Navigation

AI – GPT, Midjourney, and DALL.E: The Next Frontier

Software, Media & Technology

 

The next technological evolution is upon us. The long-dormant chrysalis of AI is just starting to crack open and reveal its algorithmically generated contents to the world; technology which, at least according to one of its founders, has the power to “break capitalism”.

Truly disruptive technology comes around very rarely. Think in terms of the steam-powered engine, the computer, or the internet. Innovations such as these not only produce efficiency gains which go on to make the technologies essential, but also irrevocably permeate the social fabric of the societies they enter.

Although this comparison may seem grandiose at first, it is worth remembering that this is technology very much still in its infancy – its effects, however, are already being felt in the real world, for better or for worse.

 

What is OpenAI?

OpenAI is a research and technology company based in San Francisco. Founded in 2015 by Sam Altman, Greg Brockman, Ilya Sutskever, and Wojciech Zaremba – as well as with financing from Elon Musk – the company’s goal is to create the world’s first artificial general intelligence (AGI) and ensure that its inception ‘benefits all humanity’.

In simple terms, OpenAI develops and studies advanced computer systems that can perform tasks that typically require human intelligence, such as understanding language, recognising images, and making decisions.

The Company’s two most famous projects – DALL.E 2 and ChatGPT – both went viral nearly as soon as they were launched. DALL.E, a text-prompt-to-image generator, burst onto the scene last year, stunning the internet with the fidelity of its output from simple text prompts (examples given later). And, more recently, ChatGPT – a conversational chat-bot – has been making waves worldwide with the authenticity of its writing. In some cases, the tech is already indistinguishable from human writing.

And, very recently, OpenAI has launched GPT-4 – the newest iteration of its generative language model. Although currently restricted to premium licence holders, the update increases the length of generated responses from 3,000 words to 25,000, produces much more complex answers, and can now analyse images and provide output based on them.

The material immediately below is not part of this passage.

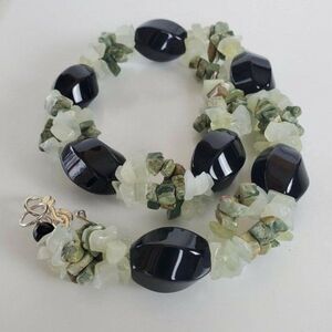 Ross-Simons Sterling Silver 925 Chunky Statement Heavy Bead Choker Necklace with Jade Green Lace, Black Agate & White Quartz Genuine Gemstones

With these two industry-leading technologies, OpenAI has secured a swarth of lucrative investments, most notably from  Microsoft (to the tune of nearly $14bn according to some sources), and is now poised to implement both ChatGPT and DALL.E 2 technology into the Company’s Bing search engine. Could this spell the end for Google and its problematic Bard alternative? Or will this quest for AGI turn out to be a flop not worth pursuing?

 

How it all works

Here’s how ChatGPT works at a very high level:

  • Pre-training: the model is pre-trained on a large body of text data, such as books, articles, and websites, to learn the patterns and relationships in language.
  • Fine-tuning: the pre-trained model is then fine-tuned for specific tasks, such as answering questions or generating text. In the case of ChatGPT, the model is fine-tuned for conversational language, so it can respond to questions and have conversations with users.
  • Input: when a user inputs a question or statement, the model processes the text and generates a response.
  • Output: The model generates a response based on the patterns and relationships it learned during pre-training and fine-tuning. The response is generated using a process called generation, in which the model creates text one word at a time, using the previous words as context.

ChatGPT is trained using a process called unsupervised learning, which means that it learns patterns in the data without being explicitly told what the patterns mean. Because of this, the Company also employs human reviewers which essentially act as teachers to the software, guiding the software towards more human-like, coherent output.

 

An omniscient AI?

OpenAI’s stated mission is to ensure that this new technology – this distant AGI – “benefits all of humanity”. This sounds nebulous, but the Company is taking actionable steps to reduce the amount of harm its platform can cause. Early on, filters were placed on both its DALL.E and ChatGPT models to cut bigoted rhetoric and insensitive imagery. For instance, you can’t ask for ‘Santa stabbing a child’ on DALL.E 2, and I think most people would agree that that is a good thing.

Additionally, and somewhat more pernicious, is the idea that these AI systems might start to show certain biases, whether these be political, social, or racial in nature. The world is already – and rightly so – concerned about the influence of biased media and social media. Human beings are innately biased creatures – we have tribalistic tendencies passed down to us from our distant ancestors, ill-adapted to the multicultural world we now all inhabit. If a true AGI emerges, and it is treated as omniscient, then will its biases be treated as sacrosanct?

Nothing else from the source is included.